House in Hillsborough, North Carolina

Poplar Hill is a historic plantation house in Hillsborough, North Carolina. The home was the center of a large plantation, formerly called Occoneechee Farm and Banks of the Eno. Established on farming and hunting grounds for the Occaneechi and Saponi peoples, the land was granted to colonist Francis Corbin by the English and made into a working plantation. Ownership later passed to the Hogg family before the farm was purchased in 1891 by tobacco industrialist and white supremacist Julian Carr. Carr and his wife had the original 1794 plain farmhouse redone in the Greek Revival style. After Carr's death, the house was moved from its original location to a new lot in the Hillsborough Historic District. Poplar Hill later became a rental property and, in the twenty-first century, many tenants, including the singer Tom Maxwell, have broken their leases due to reported hauntings on the property.

== History ==
The land that became the plantation was once farming and hunting grounds for the Occaneechi and Saponi people. In the 18th century an English land grant was given to Francis Corbin that included the grounds. The plantation was farmed by a succession of families and was named Banks of the Eno, due to its close proximity to the Eno River, by the farmer James Hogg in 1794. The Poplar Hill house was completed in 1794.

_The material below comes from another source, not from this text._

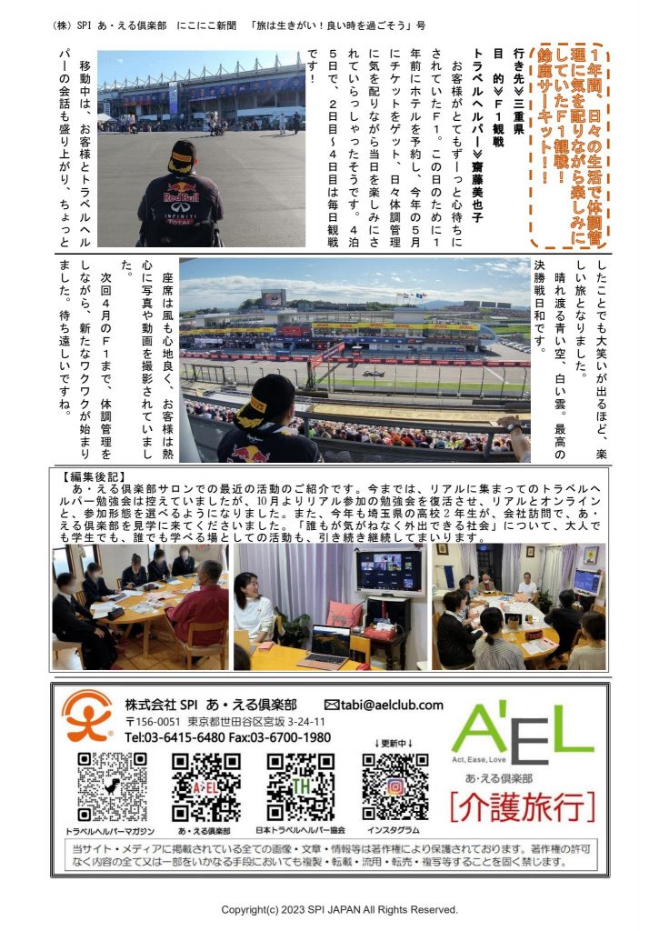 にこにこ新聞11月号「旅は生きがい!良い時を過ごそう!」…

On April 25, 1891, tobacco industrialist and white supremacist Julian Carr purchased the 663-acre property for $10,000 from James Hogg and his sister, Margaret. Carr and his wife, Nannie Graham Parrish Carr, named the main house Poplar Hill. The Carrs hired Jules Gilmer Körner to redecorate Poplar Hill, which was originally a plain farmhouse.Körner redesigned the house as a stereotypical Greek Revival plantation mansion, with a widow's walk, large front porch colonnade, and a shallow balcony.He also put in French windows in the downstairs and created two formal entrances along the porch.

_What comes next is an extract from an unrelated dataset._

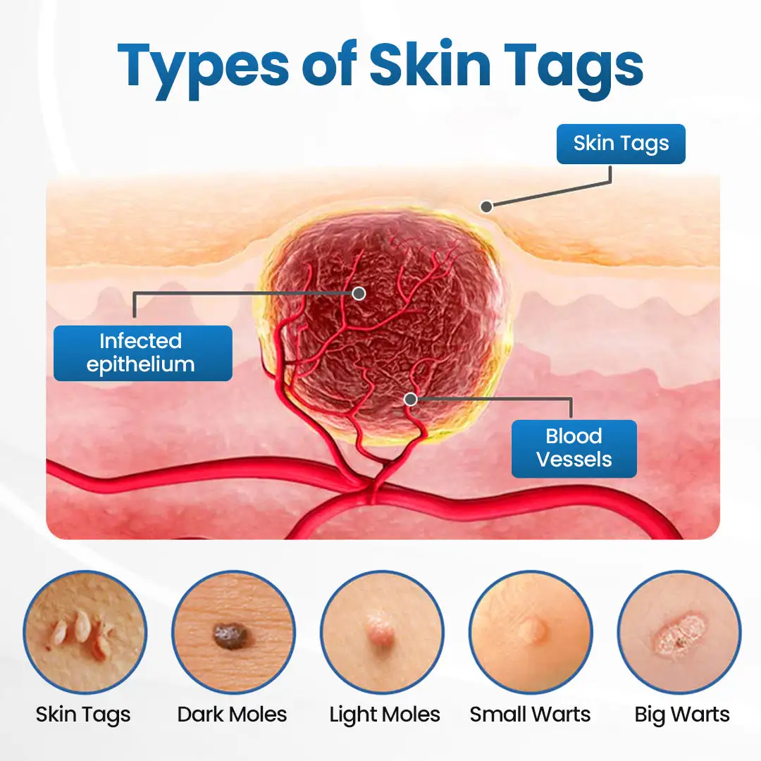 Skin tags, warts, small bumps, and rough patches often form when the skin experiences:

Poplar Hill was a secondary residence for the Carr family, whose main residence was Somerset Villa, a large mansion in downtown Durham. Julian Carr, who had immense wealth due to the success of the W. T. Blackwell and Company and Durham Cotton Manufacturing Company, sought to recreate the life of a gentleman farmer. Carr developed the farm into a full-scale working farm with a large sheep barn, large piggery, breeding pens, a full dairy barn with fifty-six stanchions, five poultry houses which housed over 1,5000 chickens, and a three-story barn wit thirty-six stalls for horses and a basement for mules.Carr also constructed a half mile horse track on the southern bank of the Eno River, northeast of the farm buildings.

The farm was significantly damaged by a tornado in 1919, although the house was relatively untouched by the storm. The farming business never fully recovered and, due to his declining health, Carr sold the property in the early 1920s. Poplar Hill was advertised for sale on October 26, 1923, in the Durham Morning Herald, listed by Carver Real Estate. It was advertised again on November 22, 1923, by the Atlantic Coast Realty Company based out of Winston-Salem. Shortly before Carr's death on April 29, 1924, the property was divided into several smaller farms and sold in pieces.

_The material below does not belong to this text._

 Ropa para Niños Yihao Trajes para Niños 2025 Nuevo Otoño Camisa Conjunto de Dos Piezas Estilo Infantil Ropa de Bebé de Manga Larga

In the 1940s, NASCAR founder William France, purchased the horsetrack built by Carr and launched the Occoneechee Speedway. In the 1950s, small farms that had once been part of the plantation were sold and developed into suburban neighborhoods.

In 1980, Poplar Hill was moved from its original location to the other side of the Eno River, on the southern end of Cameron Street in the Hillsborough Historic District, by James Freeland. Freeland had planned to turn the house into a restaurant, but decided against it after facing opposition from Hillsborough residents. Poplar Hill's new location was a few yards from the site where six Regulators were hanged in 1771 after being condemned by Richard Henderson. Poplar Hill then became a rental property.

The house is reportedly haunted. Musician and writer Tom Maxwell rented the house, but broke the lease due to hauntings.